Out on a pre-dawn search Monday for seal pup Dreidel (seen the day before at Jack Block Park with a serious, deep slash across the throat), Seal Sitters first responder instead found another pup at the base of beach steps on a small pocket beach.

Blocking off access to the beach, she set a tape perimeter, back from edge of the sea wall above the soundly snoozing pup. While it was difficult to get an identification photo of the pup, nestled against the cement, it was easy to see the smooth fur around the neck since he was sleeping belly up. This was a new pup.

Volunteers watched over him (or her) in a driving rain until shortly after 10am, when the pup swam off into Puget Sound.

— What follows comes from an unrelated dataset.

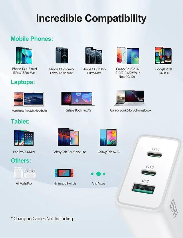WIDE COMPATIBILITY: Compatible with iPhone 16 Pro Max/16 Plus/16 Pro/16/15/14/13 Macbook Pro MagSafe iPad Pro Galaxy S24 / S23 / S22 / S21 / Note 20 / Note 20 Ultra Pixel 9 / 8 Mete 60 Switch and more electronic devices (USB-C

Late that night, the hotline received a report of a pup surrounded by people taking photos on a different beach. First responders arrived minutes later, but the pup was gone. On the way home, they checked the pocket beach and, sure enough, the light-colored little pup that had been there earlier in the day was back again. In a downpour, once again a perimeter was set, with informational and “do not enter” signs to alert people of his presence, in hopes of keeping the pup relatively safe through the night.

At 6am, the silvery silhouette of the pup, illuminated by streetlight, could be seen at the base of the stairs. As skies brightened a bit despite the relentless rain, we were finally able to get an i.d. photo and the pup was nicknamed Mugsy (photo above). Volunteers chatted with enchanted passersby. Around 10am, Mugsy swam off for a late breakfast of squid, herring or other small fish.

Mugsy is the fourth positively identified pup we have had since November 29th.

Small seal pup Corny rested in an Elliott Bay cove on Wednesday, the 2nd, sighted below another sea wall late in the day. The next morning, he came ashore at the very dangerous Don Armeni boat launch, scooting over logs and up into the asphalt lot, where trucks drive through. Our first responder and helpful Coast Guard “assistants” encouraged Corny to return to the safety of the water.

There still has been no sighting of the wounded pup. If you see a pup onshore, please call Seal Sitters’ hotline immediately @ 206-905-SEAL (7325) and keep people and dogs away.

It appears that after almost two months of virtually no responses, the seal pup drought has finally ended.